Collego il titolo che hai scelto, “Una vita di corsa” a due immagini. La prima: tu bambina che corri in bici per le strade di Trieste, e che poi a Palermo interrompi bruscamente questo spirito di libertà.

A Villa Giulia a Trieste ero libera con la bicicletta a 10 anni con le gambettine sul manubrio correvo come una pazza. Poi tornai a Palermo e mi chiusero in casa. Ero andata a comprare qualcosa, il pane, il prezzemolo, e un signore si scoprì e mi seguì per la strada. Io andai a casa, non sapevo niente, oggi i bambini sanno un po’ di più. Lo dissi a mio padre e mia madre e mi chiusero in casa. Io persi la mia libertà per un mascalzone. Dopodiché, dopo tanti anni, scopro che fotografo sempre bambine di 10 anni con le occhiaie, con lo sguardo profondo, con la voglia di bellezza, con il sogno che va e che viene… Non so se sia stato più il pene che mi fece vedere, o la prigionia che mio padre mi impose, ma quel fatto fu uno spartiacque potente, cambiò tutta la mia vita. Tutta la mia vita è stata condizionata da quei 10 anni.

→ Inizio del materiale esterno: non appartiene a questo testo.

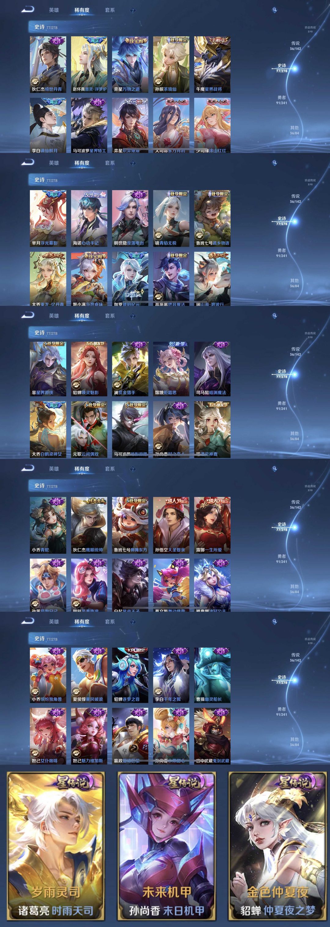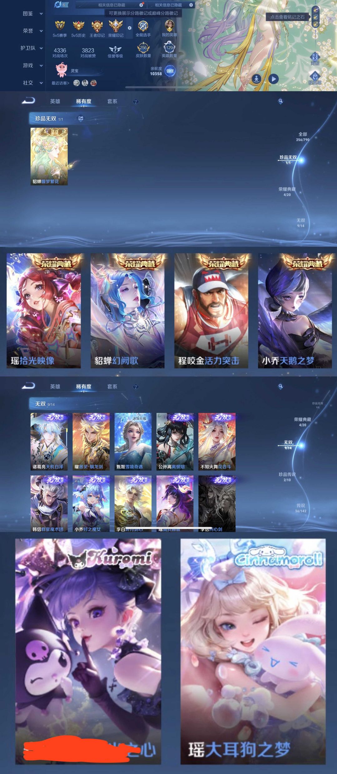 时间到了还登录白玩或者顶号全部改密拉黑处理永不解除,顶号机器会秒禁玩改密,顶号不仅拉黑还没得玩,赚三两块不容易,请理解谢谢。 ❤❤❤❤❤❤❤❤❤❤❤❤❤❤❤ 请勿开挂,挂机,送头,骂人,撤单后游戏等如有违规永久拉黑永不解除。 重置二级密码不要费劲了,号主每天都会上号查看,多行不义必自毙,人在做天在看,多做好事多自律,少做缺德事。 该号英雄129个皮肤256个,珍品无双1个,典藏4个,无双9个,珍品传说2个,星传说3个,传说36个,史诗77个,祝你游戏愉快~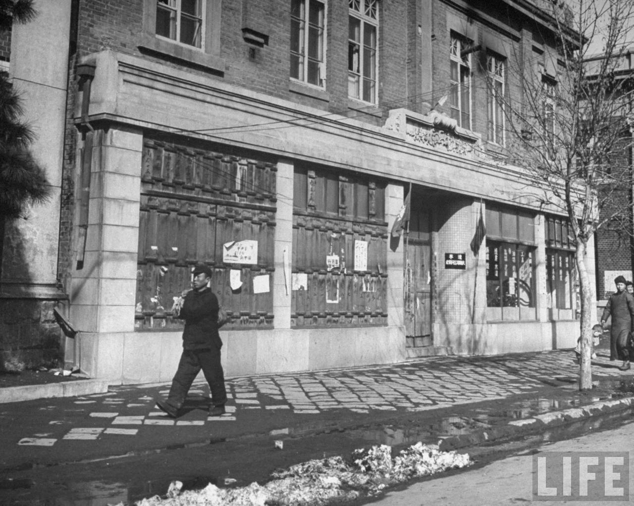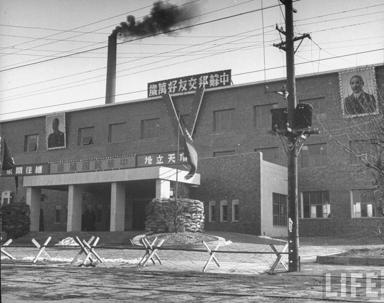 1946年3月,中国沈阳。这里是负责光复满洲的中华民国国军总部驻地,前面有路障和沙包,门框上写着“中华民国万岁”,墙上有蒋介石画像,房顶上写着“中苏邦交友好万岁”,它原来是一家日资银行总部。.jpg

Pensando a queste storie, mi sono immaginata che le bambine che fotografi rappresentino la continua ricerca del tuo desiderio di libertà, il recupero di quel desiderio. Queste bambine sono Letizia, quindi, ma non sono Letizia quando era bambina, sono il desiderio di Letizia bambina.

Io credo che fotografassi me stessa. Ecco una piccola lezione di fotografia: un fotografo quando fotografa non deve fotografare solo il mondo, deve fotografare il mondo in rapporto a se stesso. E allora sono quelle fotografie che rimangono, che rimangono veramente perché senti che in quella fotografia c’è il vero fotografo. La fotografia deve avere qualcosa di più. 

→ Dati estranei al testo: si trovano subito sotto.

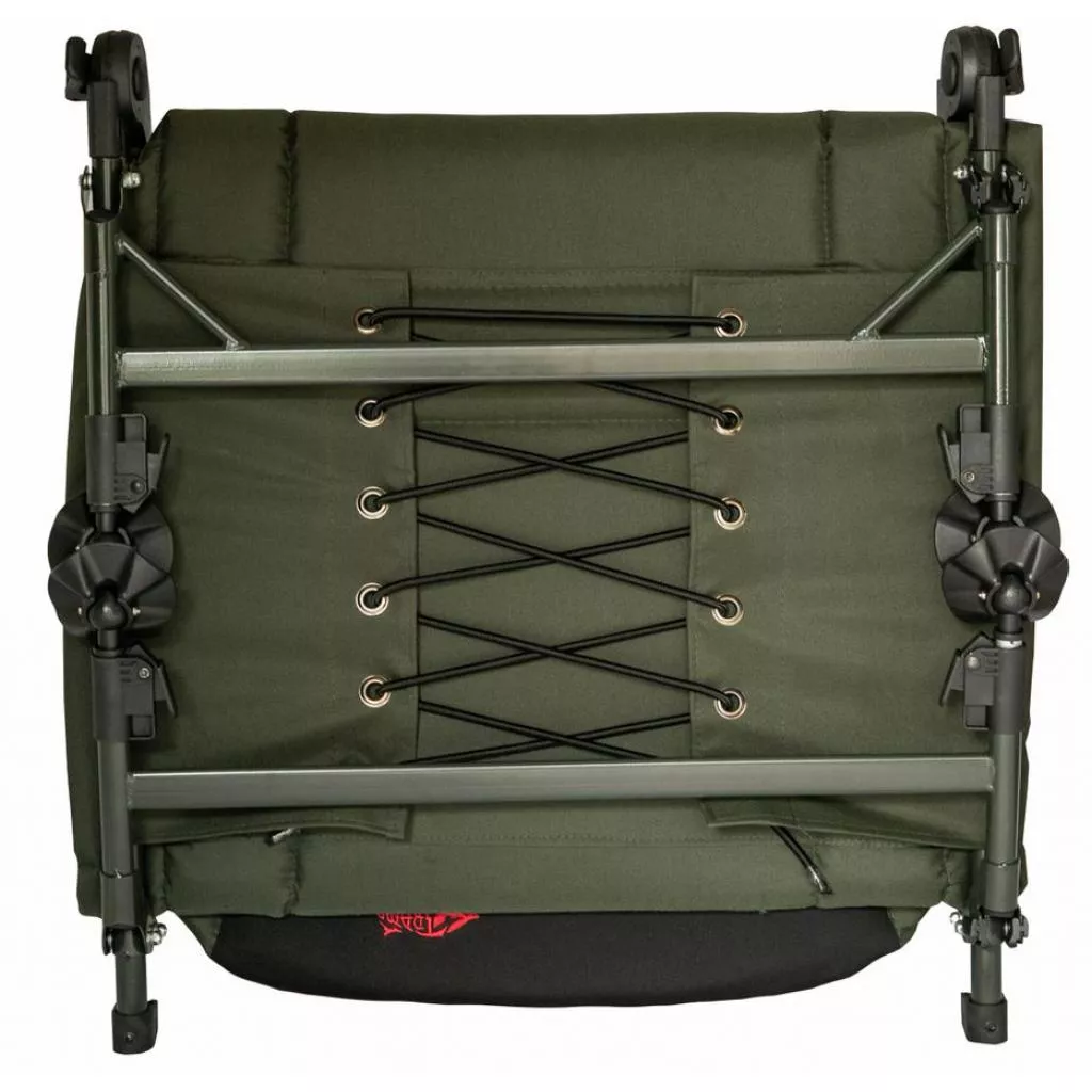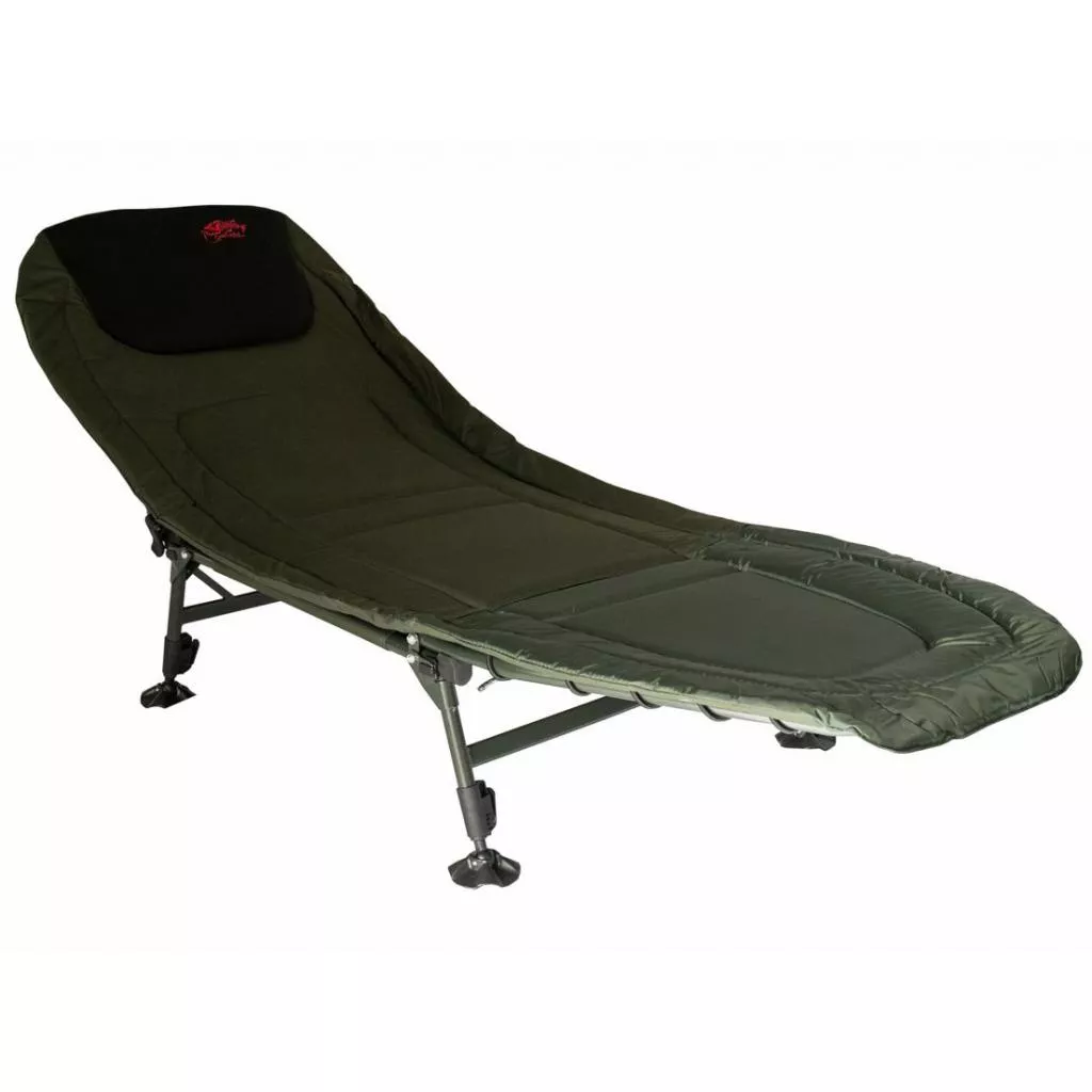 Простая в использовании и очень надежная (благодаря стальному каркасу) карповая раскладушка, способная выдержать нагрузку до 150 кг. Благодаря регулируемому наклону спинки модель может использоваться и как карповая кровать, и как рыбацкое кресло одновременно. Ножки кровати легко складываются и регулируются на необходимую высоту, имеют хорошую устойчивость на Ппрактически любой поверхности. Матрас выполнен из устойчивого к влаге и грязи прочного многослойного полиэстера с PVC покрытием.

La seconda immagine che collego al titolo: la morte di Boris Giuliano, capo della squadra mobile di Palermo assassinato nel ‘79 dalla mafia. Il giornale vi chiamò: “correte!”. E io vedo la fotoreporter che corre fino a incontrare la scena cruenta e il trauma, vedo Letizia fotoreporter e bambina al tempo stesso che rincorre la propria libertà e incontra nuovamente un trauma in cui stavolta è lei a guardare.

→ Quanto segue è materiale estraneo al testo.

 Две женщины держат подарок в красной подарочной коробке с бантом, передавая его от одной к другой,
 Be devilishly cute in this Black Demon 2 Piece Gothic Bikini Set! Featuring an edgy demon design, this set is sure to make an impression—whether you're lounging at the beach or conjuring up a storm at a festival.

Boris Giuliano fu un uomo che abbiamo amato molto. Allora gli sbirri non li amavamo. Io venivo da Milano, avevo frequentato il movimento studentesco: Dario Fo, Pasolini. Boris Giuliano non era uno sbirro, era capo della squadra mobile ma era molto moderno, molto gentile, molto buono, molto forte e un giorno era lì piccolo piccolo, buttato per terra dietro ad una cassa. Lo avevano ammazzato alle 8 del mattino. Per fortuna non ce lo fecero fotografare perché quel poliziotto così forte nella vita era finito così, non c’era. Non l’ho fotografato morto. Ho solo fotografato 3 ore dopo la sua scrivania povera, una piccola scrivania con i telefoni poveri, uno per il ministero. In quella scrivania c’era un mazzo di fiori bello. 

Io non ho scattato nemmeno per Falcone e per Borsellino. Non potevo più, non avevo più la forza. Dopo Falcone e Borsellino me ne andai in un posto terribile. Sono andata da sola in Groenlandia, con un vento tremendo. Non ci sono strade, niente automobili. Ci sono ghiacciai. Mi dissi che era un modo per ammazzarmi. Ero sola nel vento. Me ne ero andata di corsa, ma poi di corsa ritornai. Ritornai per Berlusconi. Io Palermo, che tanto mi ha fatto soffrire, non la voglio lasciare. 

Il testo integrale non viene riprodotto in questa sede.